These are my key tips learnt from my networking tourism.
1. “May I join you?” It can be daunting entering a room full of strangers. Do you stand in the corner trying to catch someone’s eye? I find that walking up to any group and politely asking “may I join you?” works. Everyone is there for the same reason. I have also heard that looking for a group that is “open” i.e. not in a circle is a sign that they are looking for joiners.
2. Be specific. Many network groups give anything from 20 to 60 seconds to introduce yourself. So, mention the benefits and then ask directly for what you want. “I am looking for introductions to……” It helps if you can be as specific as possible. Marketing Directors of cleaning companies for example. It is even better if you can name your target companies. “I would like an introduction to AXX ltd”. A specific request helps the audience focus on your needs. There is no harm changing the request to something else in the future. “This week, I would like introductions to….”.
3. What do you do with those business cards you collect? Put them in a drawer? File them away? I invite the person to join me on LinkedIn within a couple of days of meeting them. After all, they gave you their card. So the third tip is to follow-up.
This Week: With only one month to go to the launch of the Highflyingdivas Forum, I have spent the week printing off leaflets and inviting more inspiring professional women. So, date for the diary – Monday 27th September at Severalls Business Park, Colchester. Register at
. Whether you work in an organsiation or have your own business, be part of this mentoring forum and receive fresh ideas and new recommendations to support you reaching your goals.

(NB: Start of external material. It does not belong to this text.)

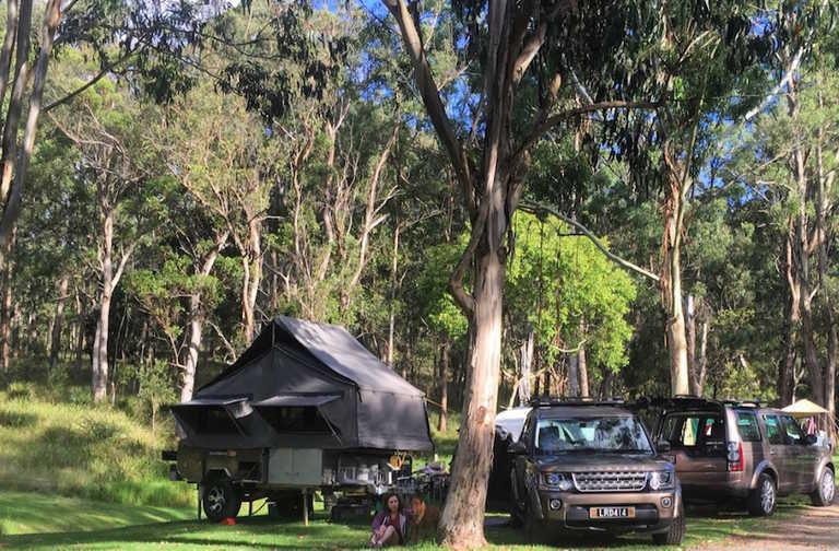 The photo below is not the best but gives you an idea. It is far, far easier to set up and pack up than the more traditional style of camper trailer.

For various reasons I only attended one networking event this week, namely Colchester Connected held at The Rose & Crown in Colchester. A very large turnout again and a number of worthwhile charity events were announced. This network seems to attract a large and diverse group which is refreshing as some networks can become more like clubs with the same members every time. No membership fee, £15 to attend which includes a cooked breakfast if you are so inclined. www.colchesterconnected.co.uk,
Reading for the week: Ever felt like writing a book? So many people have this desire. Mindy Gibbins-Klein is known as The Book Midwife and she, with Bert Verdonck, has written “Your Book in 100 Days”. Practical, friendly and short, it provides guidance on bringing your dream of writing to fruition.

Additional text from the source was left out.